Mentre Giorgia, la madre, cristiana, patriota, si prende una pausa dalla politica e si fionda in macchina diretta al ristorante di Anzio (fa più notizia con lo Chef e le vongole che a Kiev con i capi di Stato ai quali promette aerei tra colpi di tosse e risate fuori ordinanza), non spendendo neppure una parola dinanzi alle botte distribuite dai toschi degni apprendisti di uno statista alla Donzelli, questa preside ha l’ardire di entrare dritta in politica e prendere le difese di quattro studentucoli, di novelli “gonzi” da rieducare con l’infallibile medicina crociana della pedata e del cazzotto.

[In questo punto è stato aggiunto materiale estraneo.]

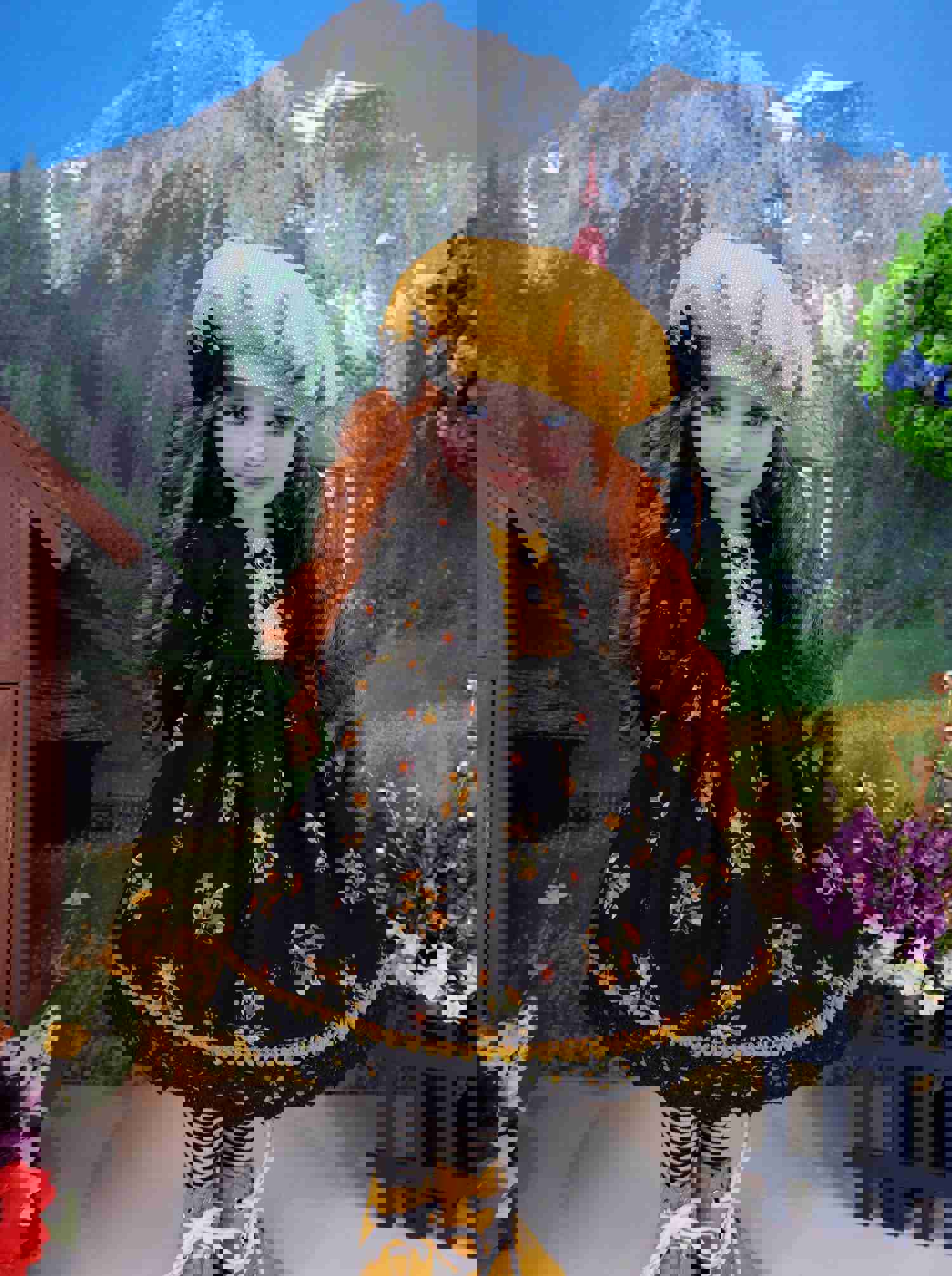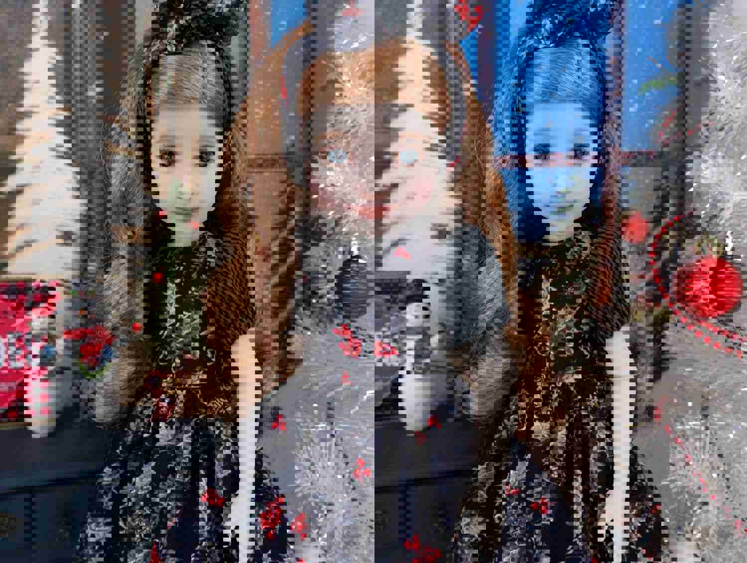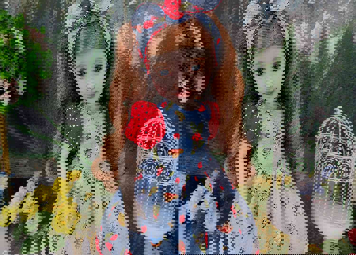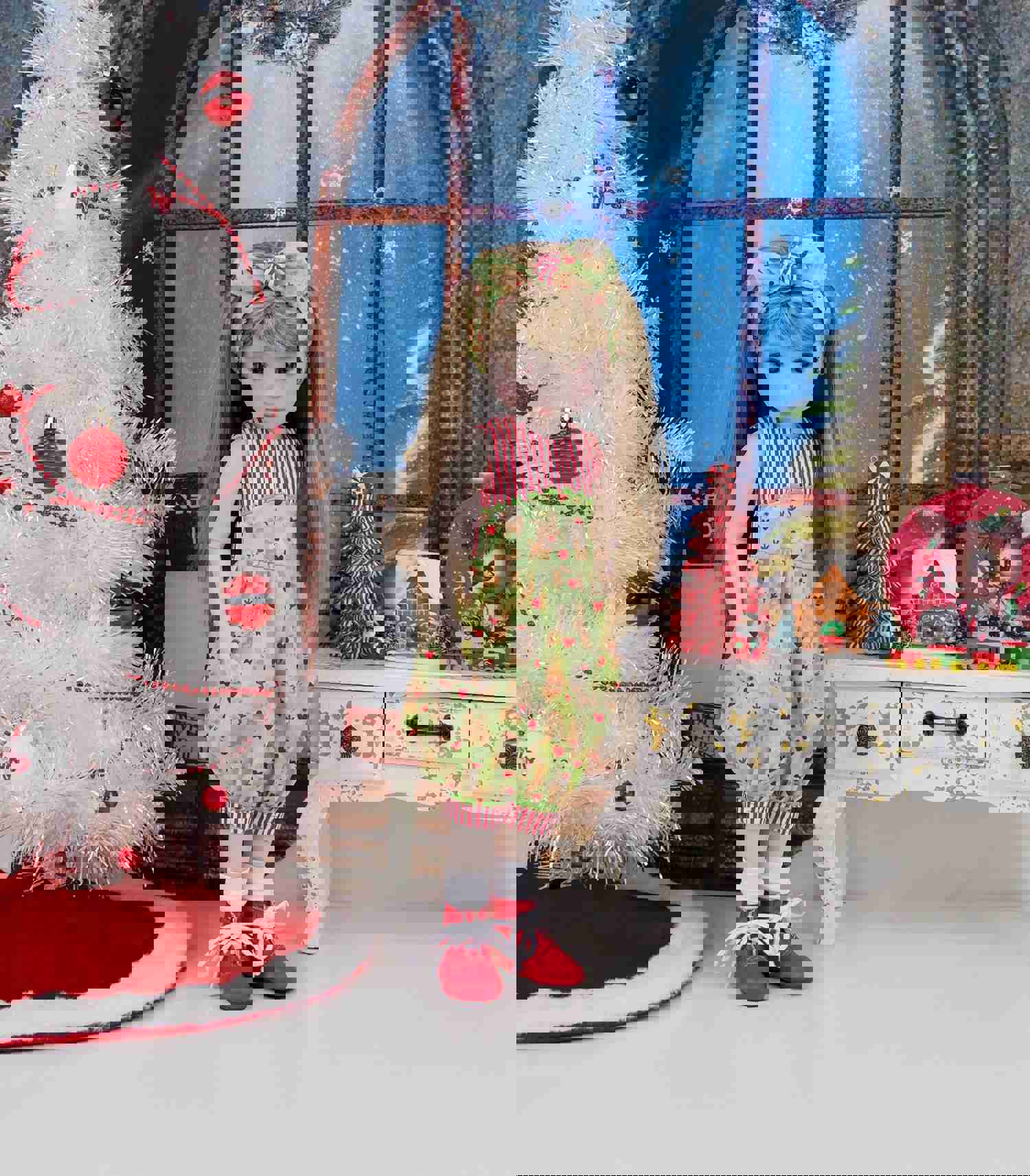 This beautiful ensemble will make a great addition to your Fashion Friends closet for this winter. The dress is made of a pretty grey pine cone with pink and aqua presents scattered about on ivory cotton. The bodice is fully lined with long, full length contrast pink polka dot print sleeves featuring a bit of elastic at the wrist. The skirt is gathered at the waist for a pretty silhouette with pink lace over grey crochet lace peeking out beneath the hem. The dress fastens in back with buttons. To add to the charm of her outfit, she has a knit

È proprio a digiuno della pedagogia manesca che a Trastevere non dispiace affatto blandire in nome dell’endiadi pensiero e azione.
Il ministro neo-crociano, colpito da siffatta ignoranza circa i grandi passaggi della cultura nazionale, sta meditando su quale sanzione comminare a una dirigente scolastica che resiste alle forme educative del tempo nuovo. Fuori la politica dalla scuola, ordina inebriato dal richiamo fiorentino ai valori sempiterni della forza e della vitalità. E dentro il liceo entrino presto quei sei audaci pugilatori cresciuti in gagliarda arte politica nelle sedi gigliate di Fratelli d’Italia.
Chi altri infatti, se non questo moderno esemplare di agile somministratore di violenza di piazza per scacciare la politica dalle aule, è degno di essere chiamato in cattedra per chiara fama? Ministro, cacci in fretta l’obsoleta preside e assuma i sei camerati, non servono concorsi, bastano come metro del loro “merito” le pure immagini, prive per una volta di ogni opacità semantica. Hanno i titoli e soprattutto il tirocinio pragmatico necessari per insegnare, crocianamente s’intende, la filosofia dello scappellotto.